It's the Bambi effect. Childhood whimsies that occupy a person's - and especially a writer's - imagination for years, becoming more mythic with every remembrance, can be stripped of all their charms the instant their bare, pathetic reality comes back into physical view.
Still, it must be done.
To the mountains, then, for a myth-crushing drive down memory lane. First past the Nantahala River, whose whitewater fierceness is documented in various family photographs, with at least one accompanying story of an almost-drowning. This time we drove the full rafting portion of the river in under 15 minutes.
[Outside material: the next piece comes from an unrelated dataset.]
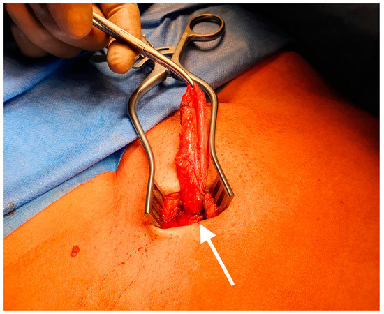 Intraoperative picture of a hydrocele of the canal of Nuck. The round ligament (white arrow).
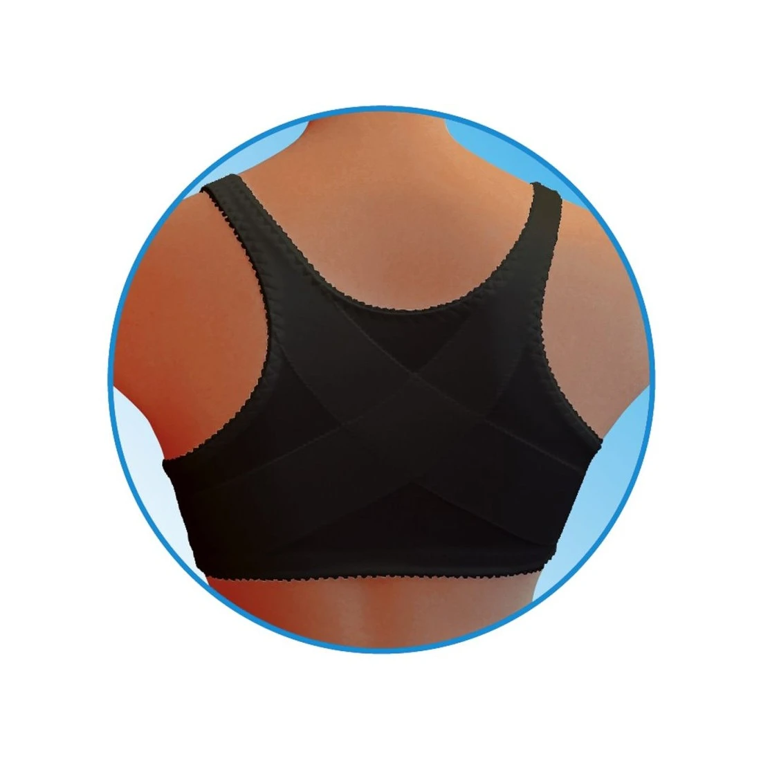 Reggiseno realizzato con raffinato tessuto elasticizzato che presenta a contatto della pelle una superficie in cotone. Ampia e anatomica fasciatura dorsale con inserito l’apposito incrocio sostenitivo.

It was a fine drive along a paved road that never left the riverbank. The water looked precisely as treacherous (and as deep) as a the kiddie pool at a man-made water park.
Next the town of Cherokee. Forget the little-boy awe of shopping for imitation tomahawks and real arrowheads. Here were cramped stretches of tourist tat, of vinyl teepees and crumbling motels. (Actually, the more I think about this, the more a new kind of fascination emerges, but let's not be distracted by that.)
"We went all the way up there?!" Granny offered at Maggie Valley, conjuring an enthusiasm that I couldn't. True, the chair lift to Ghost Town in the Sky, a misplaced wild west theme park, loomed high and steep above the road, but I didn't need to see the 'town' beyond the crest to know that going there would make me wish it was deserted.
I'd go back for a showdown, mind you, if I thought the 30-something showgirl who sat on my 12-year-old lap during her saloon act, leaving a scar on my psyche (it's the smoky breath that haunts me, and the lace), would not by now have received her ruthless, Western reward: demoted to Fainting Spinster in a gunfire scene, her racy pantaloons long ago passed on to someone closer to my own age.
Of course it's not the places from our youth that change so much. We do. And so going back to the scene may be the worst way to reconstruct them. Vicariousness is the only safe route, with the odd primary document thrown in to keep the way mysterious.
Or scrap the whole idea and take a trip down someone else's memory lane, where you'll be free to make the stories up from scratch. Where to begin? Try this collection of old post cards from North Carolina, which used to go by the heart-sinking marketing moniker, Variety Vacationland.
However sorry we are to see what adulthood has done to our old haunts, and ourselves, it can be good to remind yourself that some people may still have more to sort out than you do.